Baca berita tanpa iklan. Gabung Kompas.com+

Menikmati Sekeping Roti Bolu dan Kisahnya di Kaki Gunung Lawu Magetan

Kompas.com - 14/01/2019, 12:25 WIB
Sukoco,
Khairina

Tim Redaksi

MAGETAN , KOMPAS.com - Apabila berkunjung ke Kabupaten Magetan Jawa Timur, kurang lengkap rasanya bila tidak mencicipi roti bolu, kue khas Magetan yang terbuat dari tepung terigu dan telur.

Adonan roti yang dibentuk oval tersebut akan terasa pecah berhamburan di dalam mulut karena lembutnya adonan saat kita mengigitnya.

Rasa manis akan mendominasi lidah saat kita baru pertama kali mengigit roti yang cara memasaknya di oven tersebut, baru kemudian rasa rempah rempah seperti jahe dan kayu manis akan menyertai di lidah.

Harumnya wangi jahe akan saling bergantian dengan harumnya daun jeruk purut saat kita mulai mengunyah kue yang juga terkenal dengan roti endog tersebut.

Baca juga: Kisah Petani Bawang Merah di Magetan yang Merugi Saat Harga Tinggi...

Endog merupakan bahasa Jawa dari telur, merujuk bentuk kue bolu yang memang berbentuk oval tersebut.

Hampir di setiap toko jajan khas Magetan yang berjajar di sepanjang jalan menuju destinasi wisata Telaga Sarangan dipastikan ada menjual kue bolu.

Beberapa Desa di Kecamatan Plaosan dan Panekan disinyalir menjadi sentra penghasil kue bolu yang memasok ke kota lainnya seperti Madiun, Ngawi, Karang Anyar dan beberapa kota lainnya.

Mayoritas penghasil kue bolu merupakan usaha rumahan yang dikelola masyarakat.

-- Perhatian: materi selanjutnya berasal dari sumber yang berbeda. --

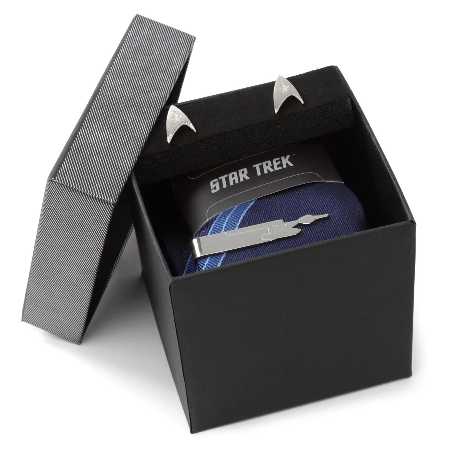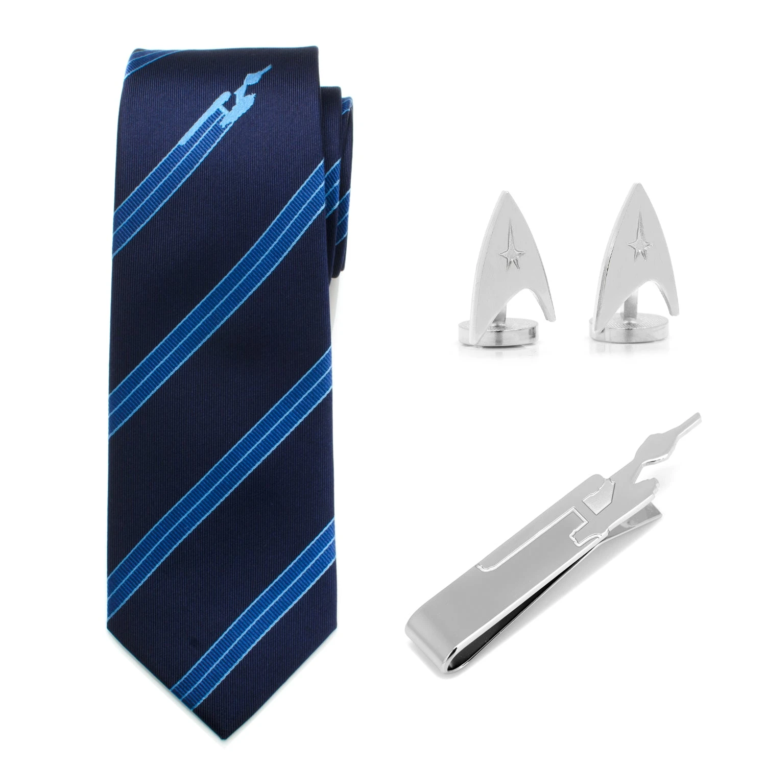The classic; the original. Fly high with this Star Trek gift pack, containing carefully-selected pieces designed to delight any Star Trek: The Original Series fans. Each set includes Starfleet emblem cufflinks, a U.S.S. Enterprise tie bar, and a 100% silk tie. Can be worn individually or as a set. Officially licensed by CBS Studios Inc.

Salah satu usaha rumahan tersebut adalah perusahaan roti bolu Dinawa yang berada di Desa Nitikan Kecamatan Plaosan Kabupaten Magetan.

Erna (35) pemilik usaha mengaku menekuni pembatan kue bolu dari orang tuanya yang telah digeluti sejak tahun 1996.

“Bapak dulu karyawan di sebuah perusahaan kue,kemudian berusaha sendiri satu kilo dua kilo dijajakan langsung,” ujarnya, Minggu (13/01/2019).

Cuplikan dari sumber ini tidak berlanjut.